:: Records supplied ::
──────────────────────────────
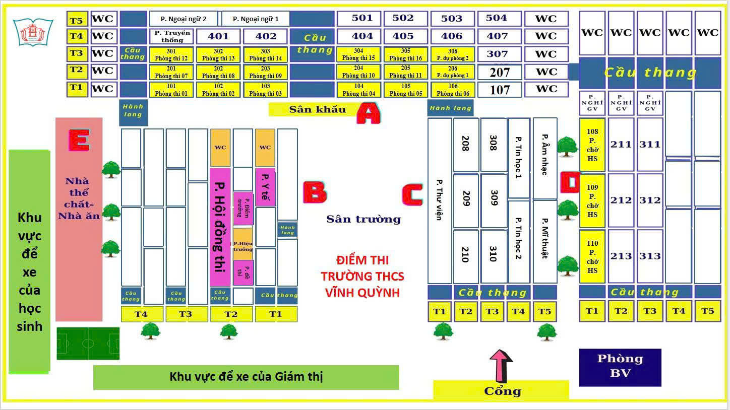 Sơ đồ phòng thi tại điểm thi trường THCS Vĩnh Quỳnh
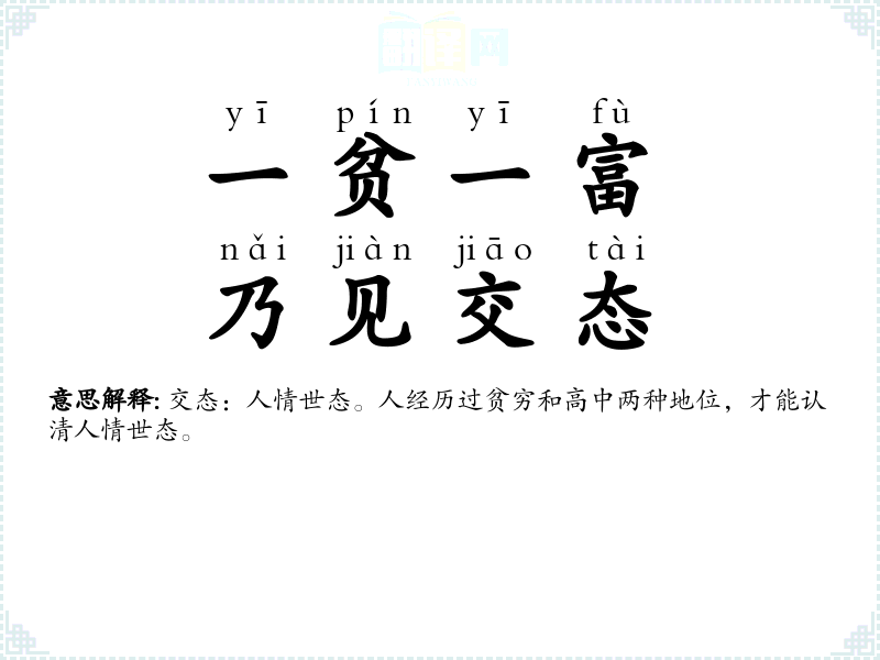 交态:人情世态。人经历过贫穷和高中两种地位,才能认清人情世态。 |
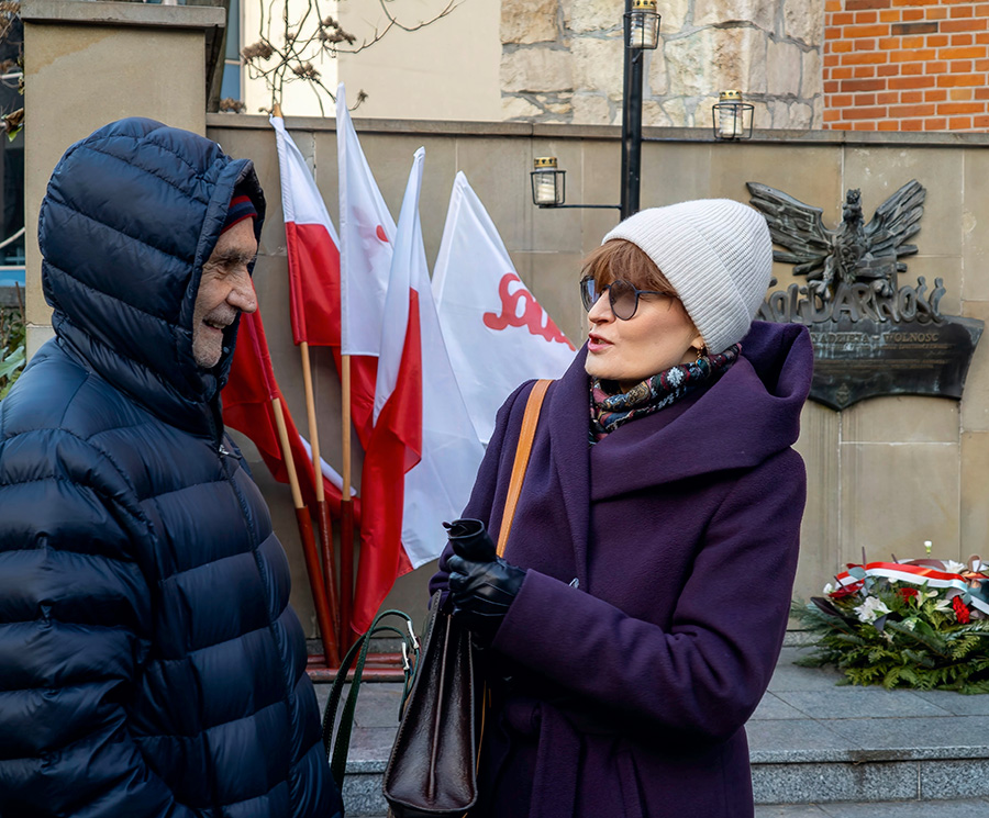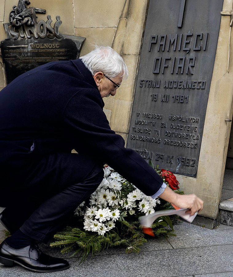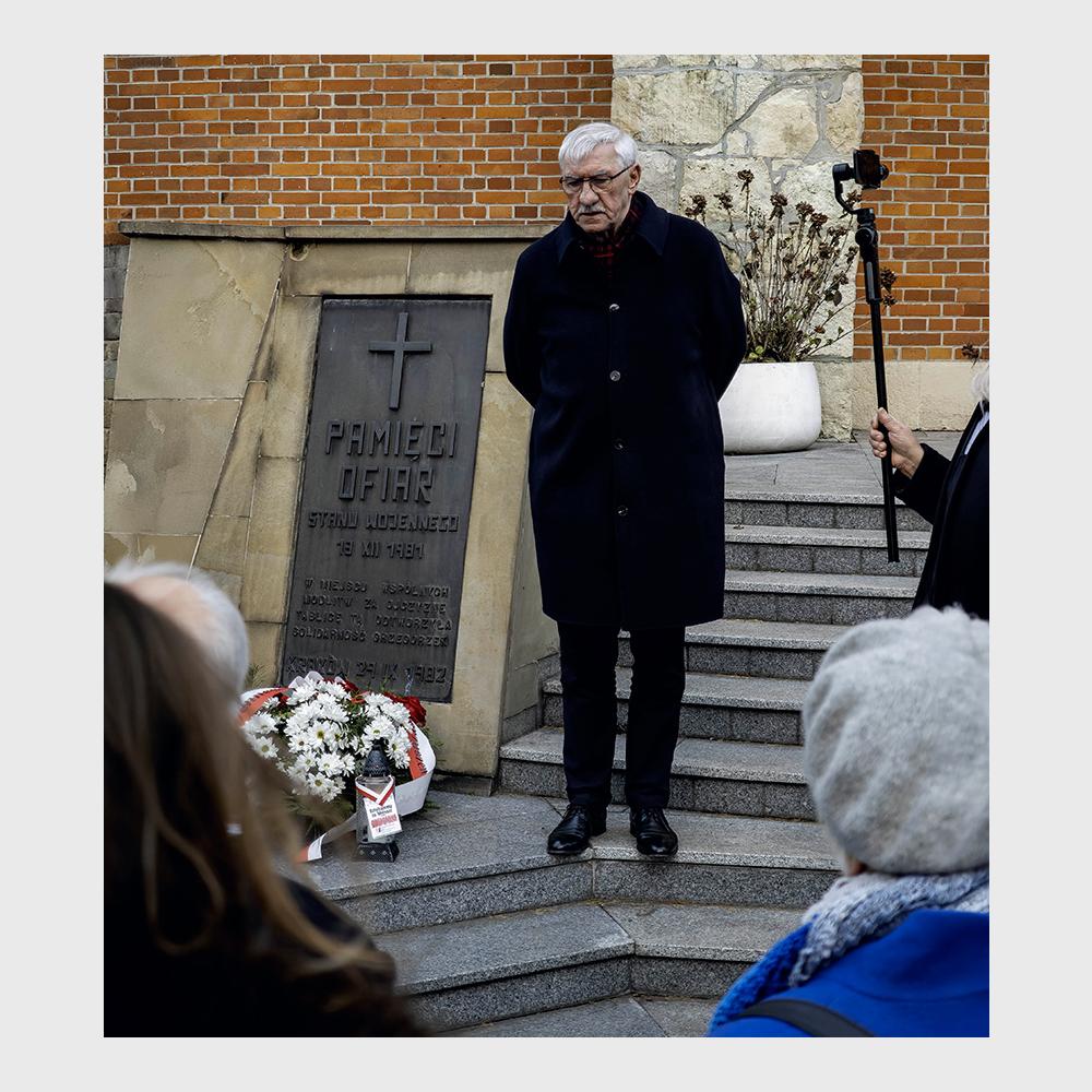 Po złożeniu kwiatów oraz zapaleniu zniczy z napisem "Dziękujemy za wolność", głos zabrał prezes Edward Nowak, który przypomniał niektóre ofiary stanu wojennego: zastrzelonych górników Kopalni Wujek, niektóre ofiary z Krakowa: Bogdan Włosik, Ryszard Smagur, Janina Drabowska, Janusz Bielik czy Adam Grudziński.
──────────────────────────────
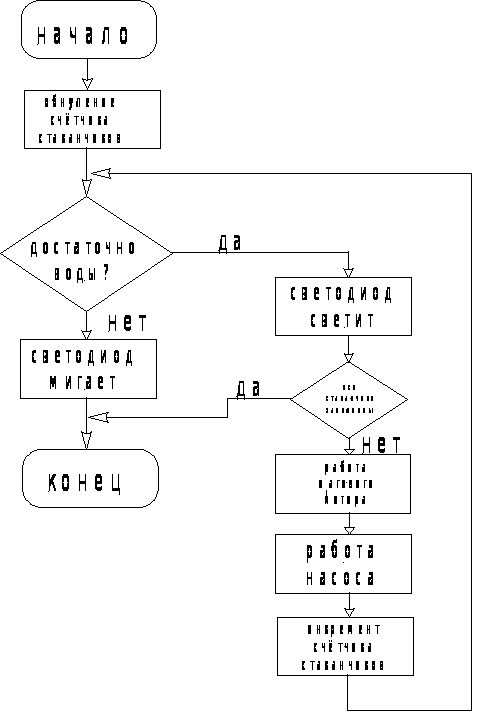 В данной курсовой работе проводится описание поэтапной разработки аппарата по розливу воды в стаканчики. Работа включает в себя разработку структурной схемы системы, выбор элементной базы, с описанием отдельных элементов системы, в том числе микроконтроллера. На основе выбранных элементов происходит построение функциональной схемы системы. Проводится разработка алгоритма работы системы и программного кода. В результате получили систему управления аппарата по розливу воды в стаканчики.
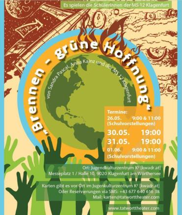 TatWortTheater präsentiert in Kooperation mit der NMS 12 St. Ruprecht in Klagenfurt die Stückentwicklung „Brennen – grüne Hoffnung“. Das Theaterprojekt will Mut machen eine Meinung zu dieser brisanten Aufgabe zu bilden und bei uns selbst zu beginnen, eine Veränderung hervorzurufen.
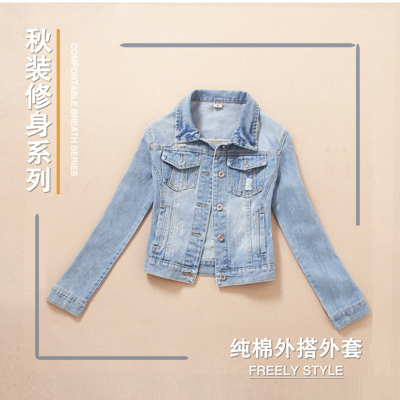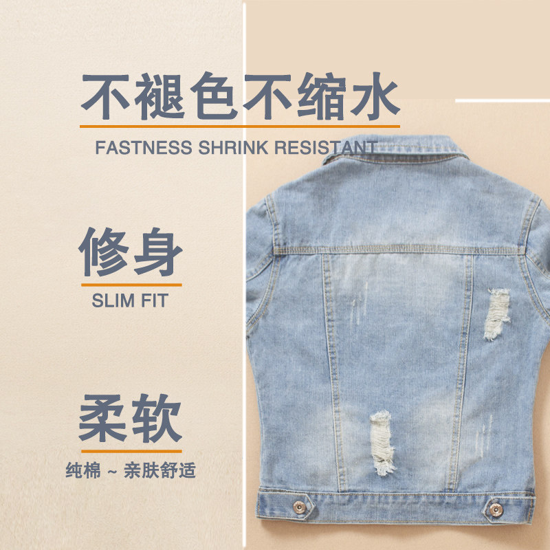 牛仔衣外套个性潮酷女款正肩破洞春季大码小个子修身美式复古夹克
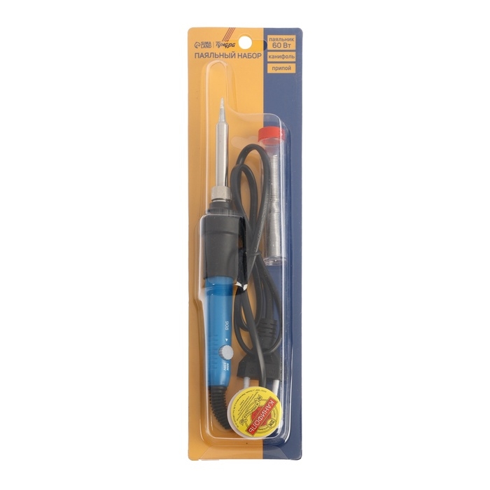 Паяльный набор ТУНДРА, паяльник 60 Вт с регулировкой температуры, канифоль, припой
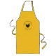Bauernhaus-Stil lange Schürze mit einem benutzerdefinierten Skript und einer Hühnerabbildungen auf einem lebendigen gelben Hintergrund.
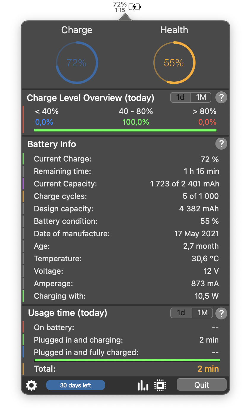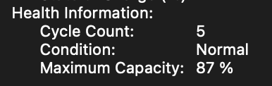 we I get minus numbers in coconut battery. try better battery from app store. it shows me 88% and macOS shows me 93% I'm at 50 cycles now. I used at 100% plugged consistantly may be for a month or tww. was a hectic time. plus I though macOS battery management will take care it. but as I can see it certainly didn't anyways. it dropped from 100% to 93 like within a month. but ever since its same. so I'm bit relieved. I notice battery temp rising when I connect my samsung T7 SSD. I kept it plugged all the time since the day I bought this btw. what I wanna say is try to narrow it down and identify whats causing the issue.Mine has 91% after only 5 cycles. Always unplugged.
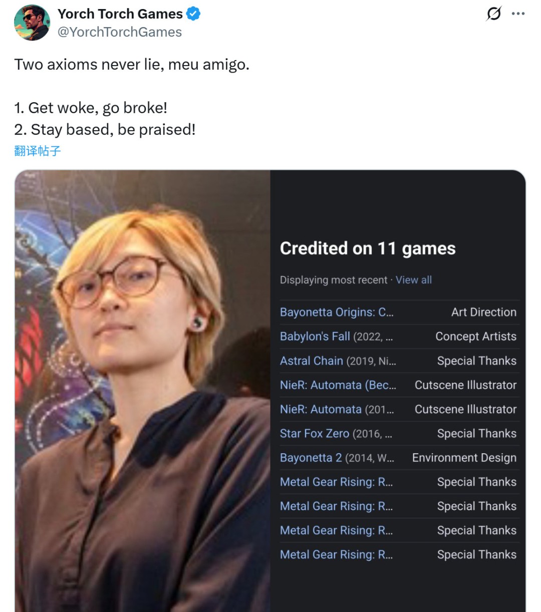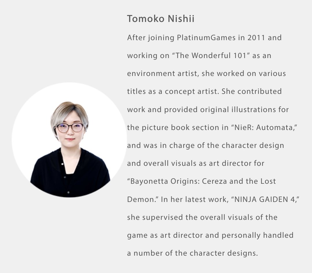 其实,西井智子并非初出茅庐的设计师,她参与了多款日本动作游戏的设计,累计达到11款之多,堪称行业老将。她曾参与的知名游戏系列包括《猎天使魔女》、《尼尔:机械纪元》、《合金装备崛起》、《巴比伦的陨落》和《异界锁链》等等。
──────────────────────────────
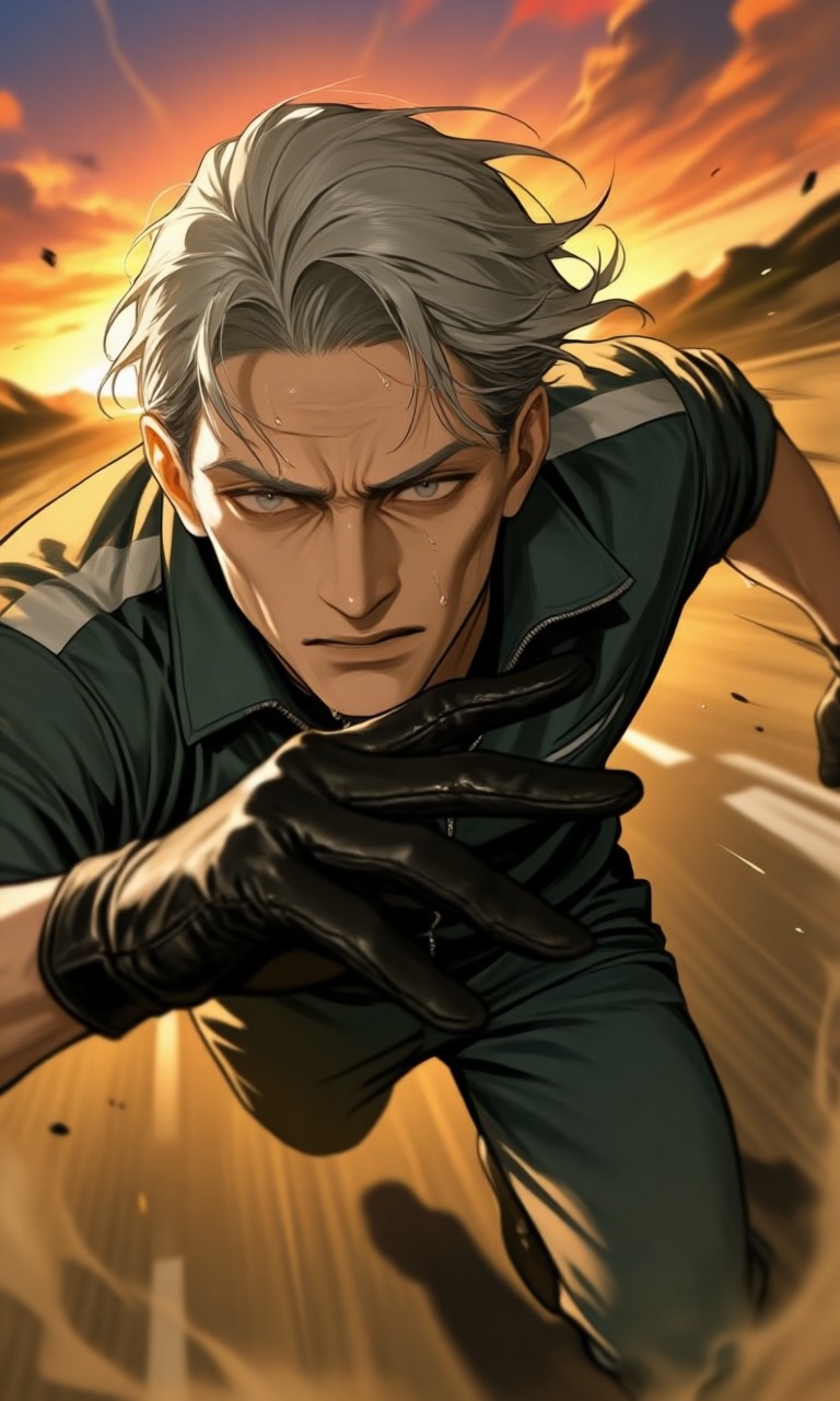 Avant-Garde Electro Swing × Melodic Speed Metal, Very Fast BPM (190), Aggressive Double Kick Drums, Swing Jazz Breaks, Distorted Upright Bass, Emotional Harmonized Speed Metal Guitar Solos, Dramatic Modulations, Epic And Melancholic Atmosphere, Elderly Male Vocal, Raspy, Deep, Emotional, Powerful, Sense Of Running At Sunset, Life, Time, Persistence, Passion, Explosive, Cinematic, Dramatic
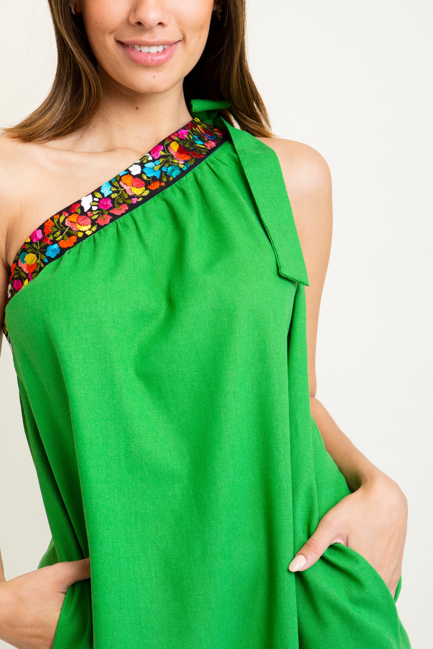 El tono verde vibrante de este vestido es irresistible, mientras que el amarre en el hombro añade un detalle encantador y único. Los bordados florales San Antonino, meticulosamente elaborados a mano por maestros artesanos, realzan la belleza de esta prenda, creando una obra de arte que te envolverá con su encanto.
──────────────────────────────
:: Problem details ::
Above are the records; copy from them only the lines starting at the one containing "Sơ đồ phòng" and ending at the one containing "交态:人情世态。人经历过贫穷和高中两种地位,才能认清人情世态。 |", exactly and without pictures.

:: Exercise solution ::
 Sơ đồ phòng thi tại điểm thi trường THCS Vĩnh Quỳnh
 交态:人情世态。人经历过贫穷和高中两种地位,才能认清人情世态。 |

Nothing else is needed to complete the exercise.